_REQUIRED ACTION:_ No pictures belong in the copy. Retype exactly, and only, the stretch of lines below from the one with "Women Orange &" through the one with "Bathroom Quote Soak".

_DATA RECORDS:_

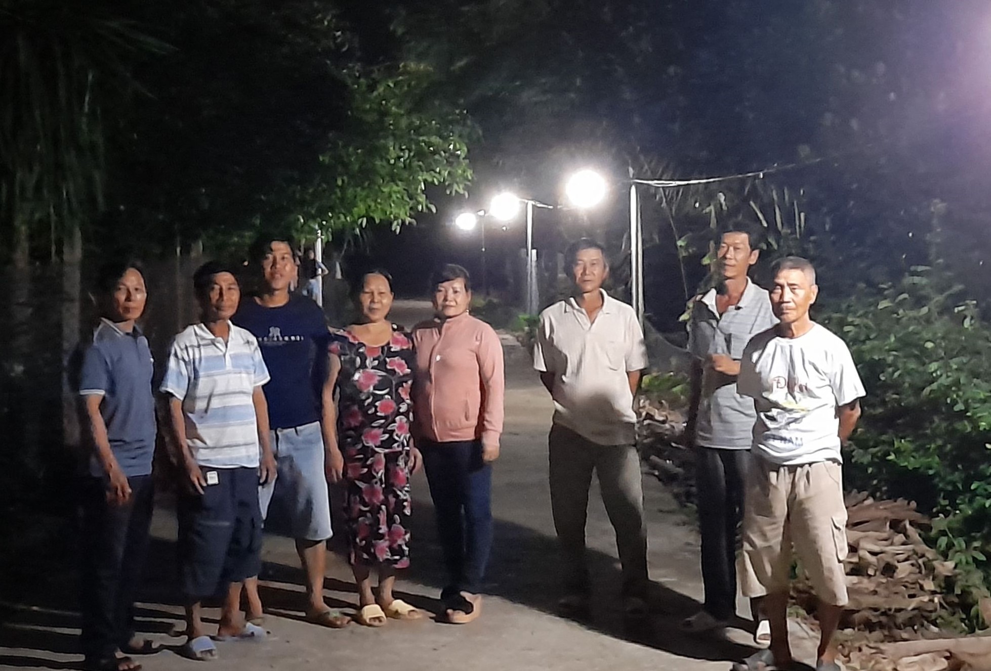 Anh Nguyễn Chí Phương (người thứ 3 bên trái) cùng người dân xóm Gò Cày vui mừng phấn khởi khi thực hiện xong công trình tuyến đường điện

---

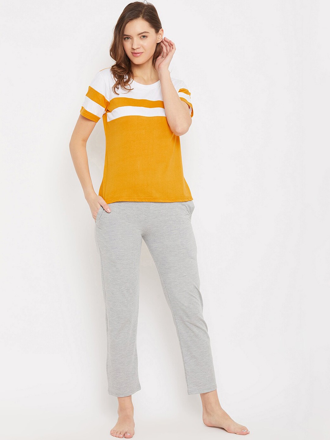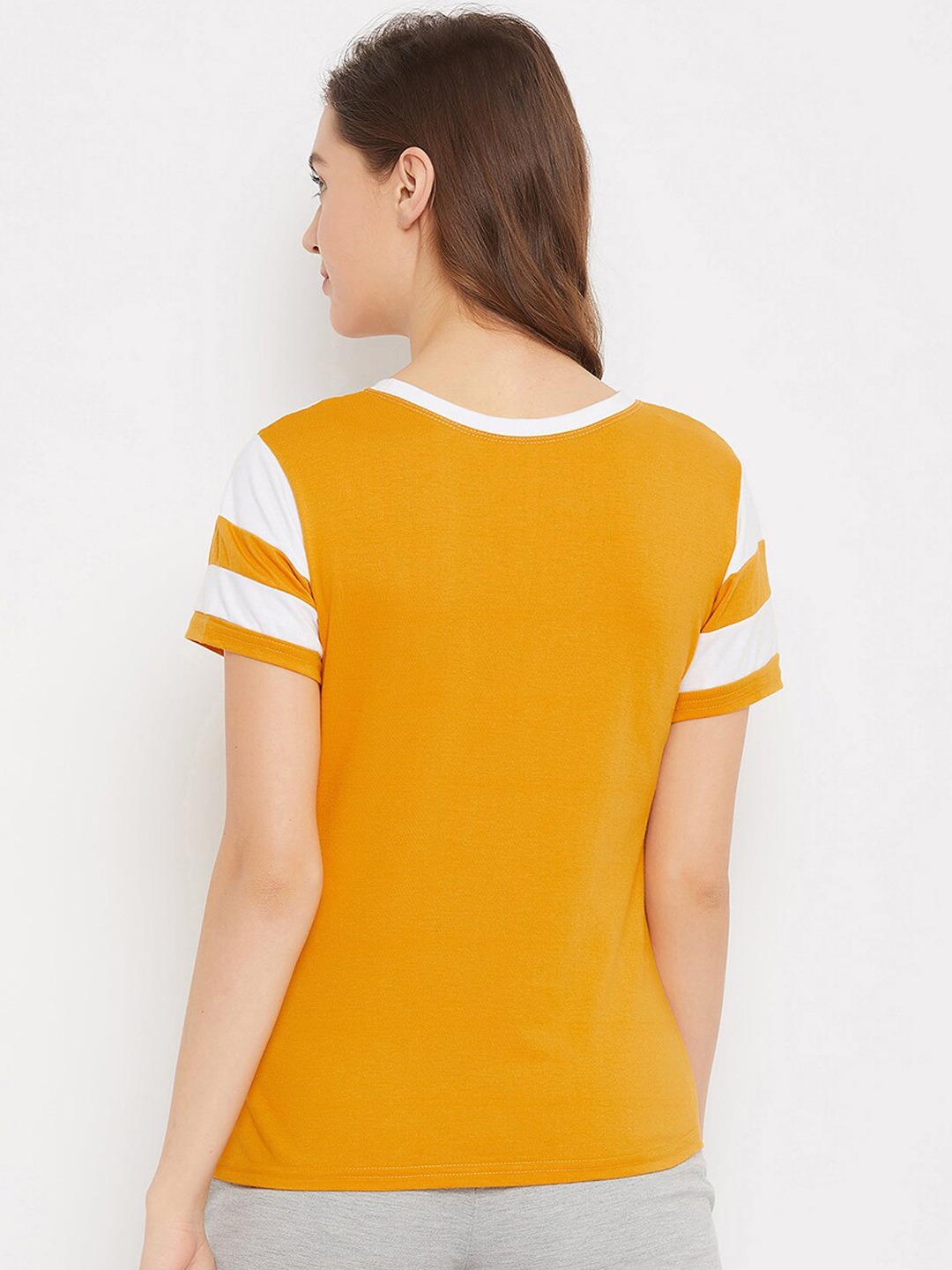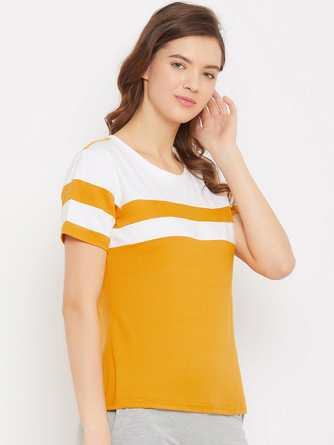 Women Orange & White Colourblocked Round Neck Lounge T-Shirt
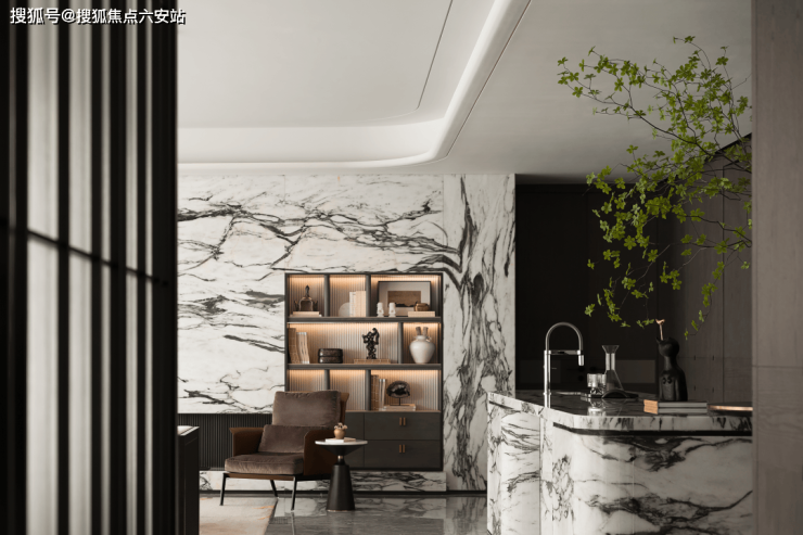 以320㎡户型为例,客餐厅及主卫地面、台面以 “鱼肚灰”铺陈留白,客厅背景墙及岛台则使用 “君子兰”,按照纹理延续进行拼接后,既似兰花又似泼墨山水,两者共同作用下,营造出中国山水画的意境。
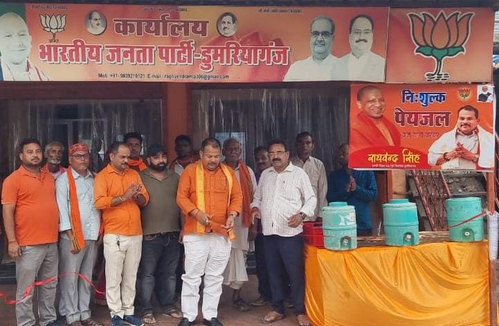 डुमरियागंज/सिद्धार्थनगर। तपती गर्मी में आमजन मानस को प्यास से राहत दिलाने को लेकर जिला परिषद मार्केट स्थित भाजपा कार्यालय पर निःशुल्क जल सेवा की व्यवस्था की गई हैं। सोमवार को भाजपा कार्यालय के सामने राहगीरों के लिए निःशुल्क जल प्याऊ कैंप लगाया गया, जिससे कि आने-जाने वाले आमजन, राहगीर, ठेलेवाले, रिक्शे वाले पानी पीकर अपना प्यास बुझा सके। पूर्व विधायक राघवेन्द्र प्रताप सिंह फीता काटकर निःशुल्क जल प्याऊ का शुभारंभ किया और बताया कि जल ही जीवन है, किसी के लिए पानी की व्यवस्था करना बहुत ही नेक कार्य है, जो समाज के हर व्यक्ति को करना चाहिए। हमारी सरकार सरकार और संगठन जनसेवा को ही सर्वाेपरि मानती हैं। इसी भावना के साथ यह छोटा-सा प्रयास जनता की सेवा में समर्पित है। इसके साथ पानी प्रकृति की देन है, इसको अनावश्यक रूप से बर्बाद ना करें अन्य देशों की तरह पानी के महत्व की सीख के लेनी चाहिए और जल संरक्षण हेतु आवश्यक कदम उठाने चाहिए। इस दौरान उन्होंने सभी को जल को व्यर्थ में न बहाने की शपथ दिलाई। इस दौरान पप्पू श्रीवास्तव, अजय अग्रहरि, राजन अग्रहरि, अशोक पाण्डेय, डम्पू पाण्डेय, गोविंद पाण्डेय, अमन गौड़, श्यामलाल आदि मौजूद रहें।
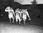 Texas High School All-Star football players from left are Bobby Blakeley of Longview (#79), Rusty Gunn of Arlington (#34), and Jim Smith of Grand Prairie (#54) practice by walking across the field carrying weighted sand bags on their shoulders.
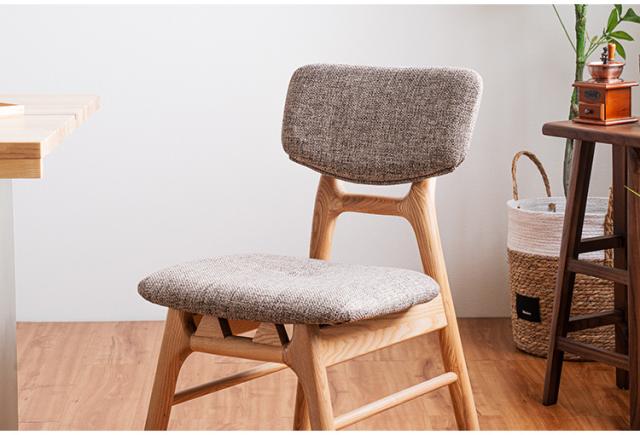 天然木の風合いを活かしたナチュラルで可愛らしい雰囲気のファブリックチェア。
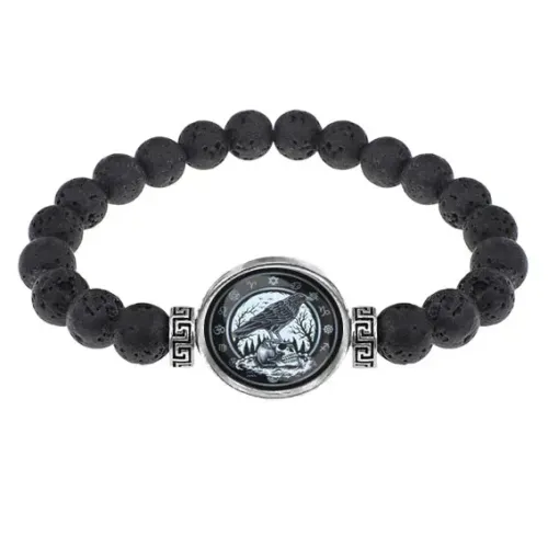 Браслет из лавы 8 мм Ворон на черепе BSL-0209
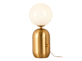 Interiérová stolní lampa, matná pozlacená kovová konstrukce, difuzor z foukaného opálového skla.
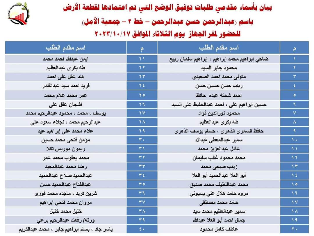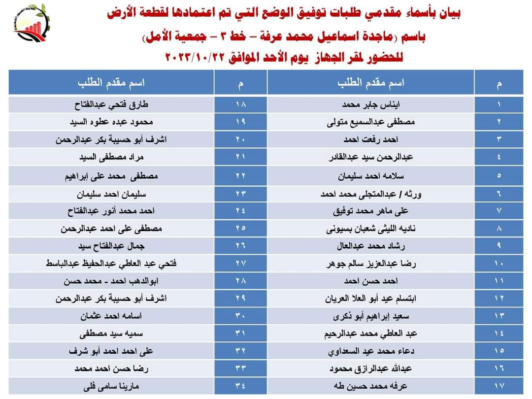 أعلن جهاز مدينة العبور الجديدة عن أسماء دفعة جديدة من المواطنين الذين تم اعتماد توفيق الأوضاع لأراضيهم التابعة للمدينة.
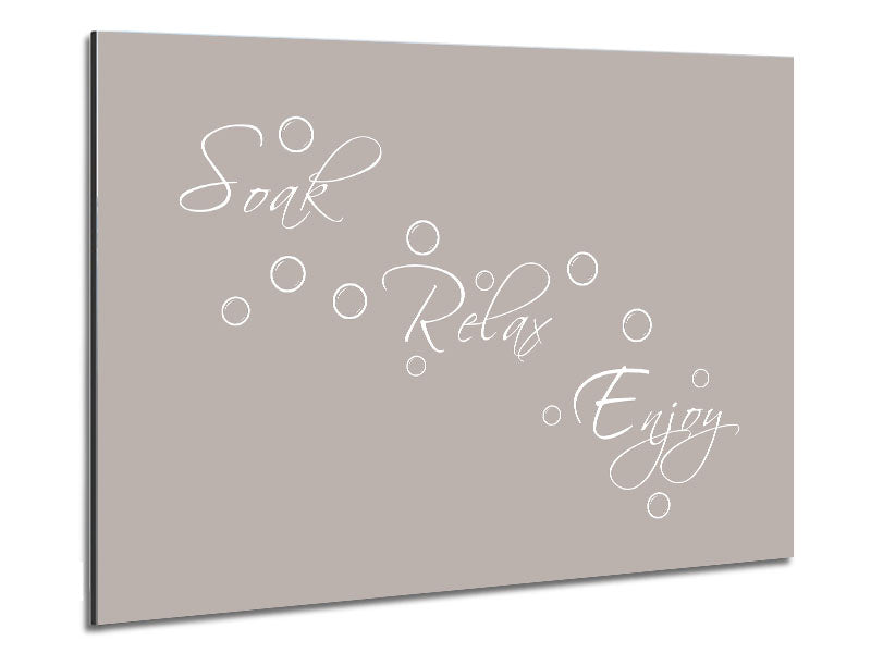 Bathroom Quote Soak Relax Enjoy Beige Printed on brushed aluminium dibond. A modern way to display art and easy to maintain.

---

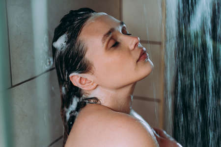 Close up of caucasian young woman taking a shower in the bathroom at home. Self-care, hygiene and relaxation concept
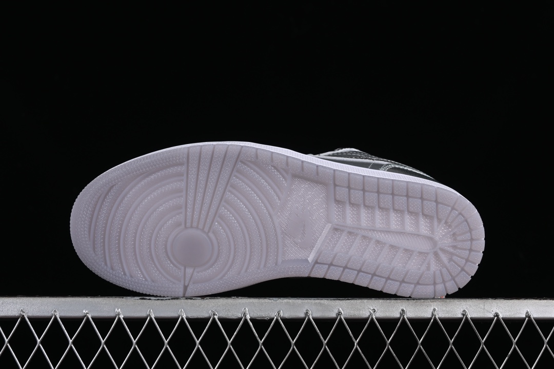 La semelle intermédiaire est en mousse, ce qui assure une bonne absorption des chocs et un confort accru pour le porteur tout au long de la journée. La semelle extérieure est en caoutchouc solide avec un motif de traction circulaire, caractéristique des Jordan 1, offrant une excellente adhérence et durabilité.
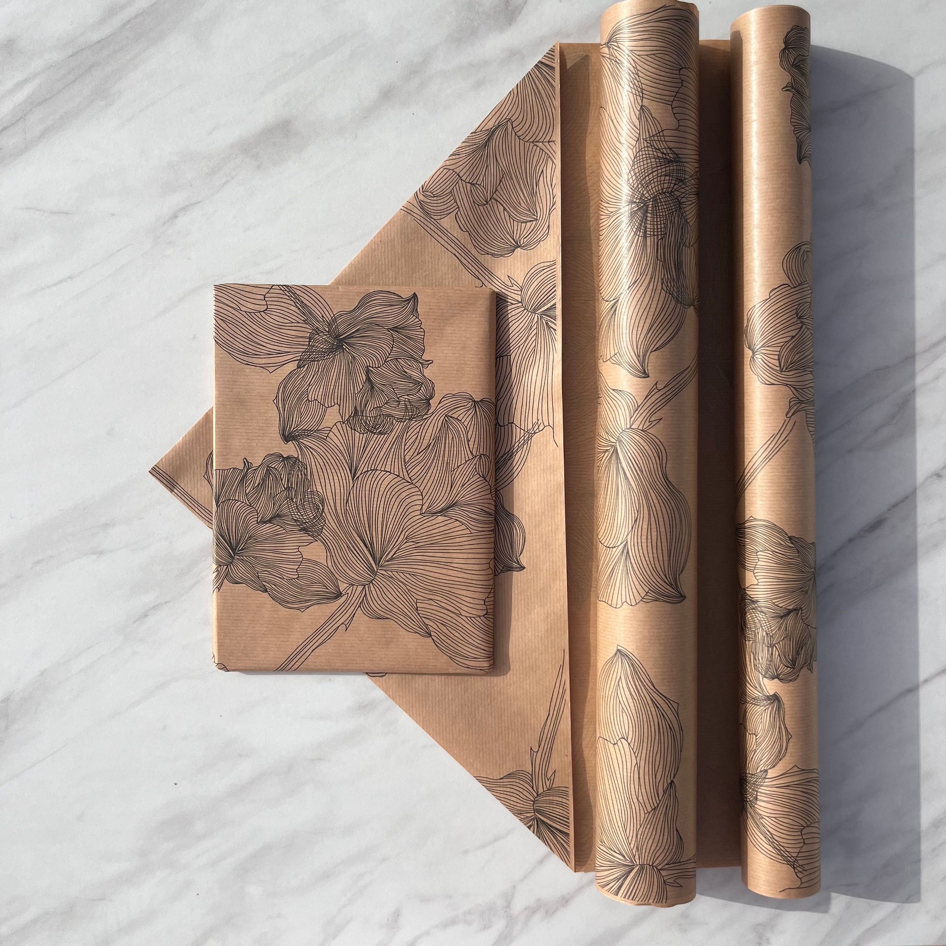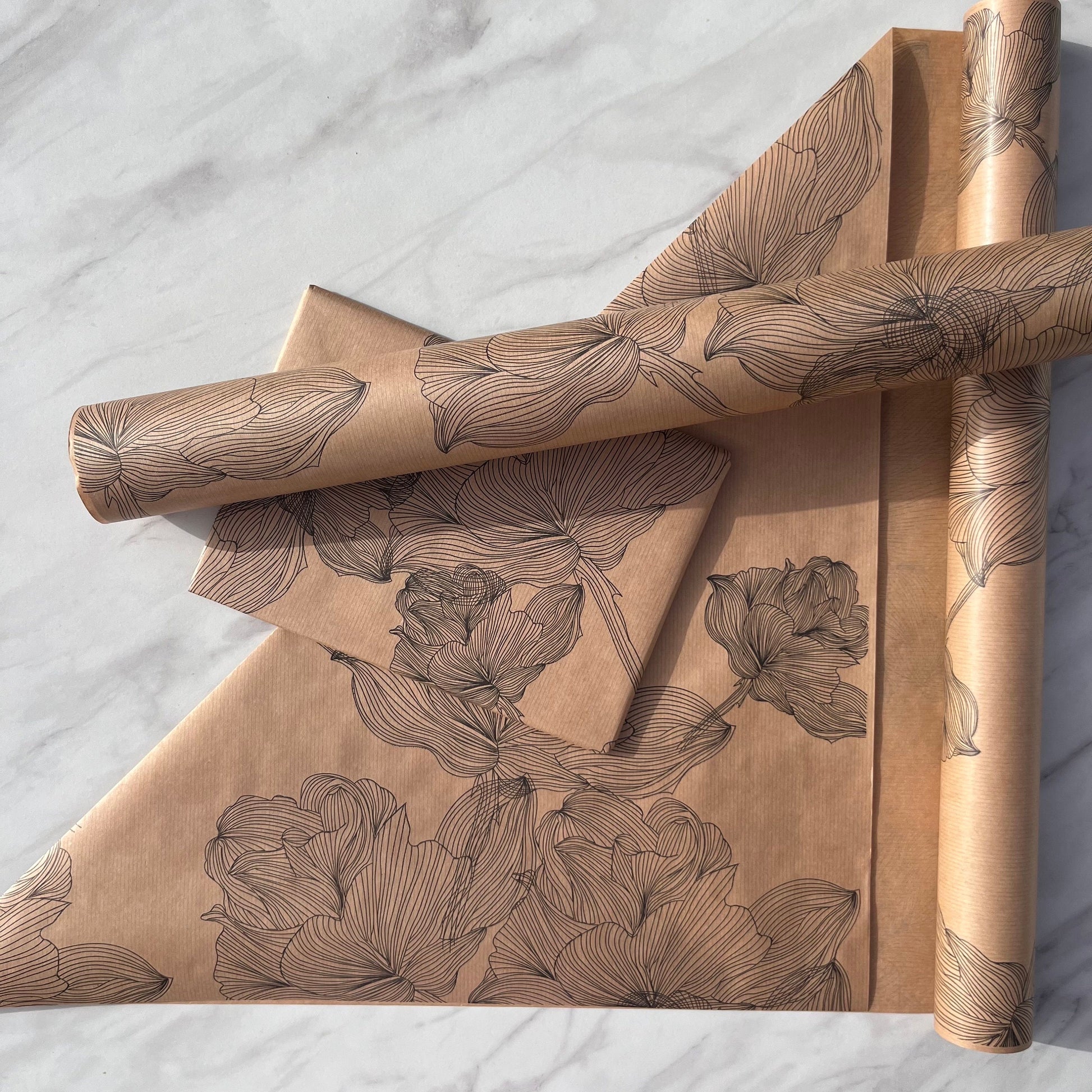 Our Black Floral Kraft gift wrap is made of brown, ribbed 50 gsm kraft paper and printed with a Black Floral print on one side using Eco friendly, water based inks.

_ANSWER FOR THIS EXERCISE:_
 Women Orange & White Colourblocked Round Neck Lounge T-Shirt
 以320㎡户型为例,客餐厅及主卫地面、台面以 “鱼肚灰”铺陈留白,客厅背景墙及岛台则使用 “君子兰”,按照纹理延续进行拼接后,既似兰花又似泼墨山水,两者共同作用下,营造出中国山水画的意境。
 डुमरियागंज/सिद्धार्थनगर। तपती गर्मी में आमजन मानस को प्यास से राहत दिलाने को लेकर जिला परिषद मार्केट स्थित भाजपा कार्यालय पर निःशुल्क जल सेवा की व्यवस्था की गई हैं। सोमवार को भाजपा कार्यालय के सामने राहगीरों के लिए निःशुल्क जल प्याऊ कैंप लगाया गया, जिससे कि आने-जाने वाले आमजन, राहगीर, ठेलेवाले, रिक्शे वाले पानी पीकर अपना प्यास बुझा सके। पूर्व विधायक राघवेन्द्र प्रताप सिंह फीता काटकर निःशुल्क जल प्याऊ का शुभारंभ किया और बताया कि जल ही जीवन है, किसी के लिए पानी की व्यवस्था करना बहुत ही नेक कार्य है, जो समाज के हर व्यक्ति को करना चाहिए। हमारी सरकार सरकार और संगठन जनसेवा को ही सर्वाेपरि मानती हैं। इसी भावना के साथ यह छोटा-सा प्रयास जनता की सेवा में समर्पित है। इसके साथ पानी प्रकृति की देन है, इसको अनावश्यक रूप से बर्बाद ना करें अन्य देशों की तरह पानी के महत्व की सीख के लेनी चाहिए और जल संरक्षण हेतु आवश्यक कदम उठाने चाहिए। इस दौरान उन्होंने सभी को जल को व्यर्थ में न बहाने की शपथ दिलाई। इस दौरान पप्पू श्रीवास्तव, अजय अग्रहरि, राजन अग्रहरि, अशोक पाण्डेय, डम्पू पाण्डेय, गोविंद पाण्डेय, अमन गौड़, श्यामलाल आदि मौजूद रहें।
 Texas High School All-Star football players from left are Bobby Blakeley of Longview (#79), Rusty Gunn of Arlington (#34), and Jim Smith of Grand Prairie (#54) practice by walking across the field carrying weighted sand bags on their shoulders.
 天然木の風合いを活かしたナチュラルで可愛らしい雰囲気のファブリックチェア。
 Браслет из лавы 8 мм Ворон на черепе BSL-0209
 Interiérová stolní lampa, matná pozlacená kovová konstrukce, difuzor z foukaného opálového skla.
 أعلن جهاز مدينة العبور الجديدة عن أسماء دفعة جديدة من المواطنين الذين تم اعتماد توفيق الأوضاع لأراضيهم التابعة للمدينة.
 Bathroom Quote Soak Relax Enjoy Beige Printed on brushed aluminium dibond. A modern way to display art and easy to maintain.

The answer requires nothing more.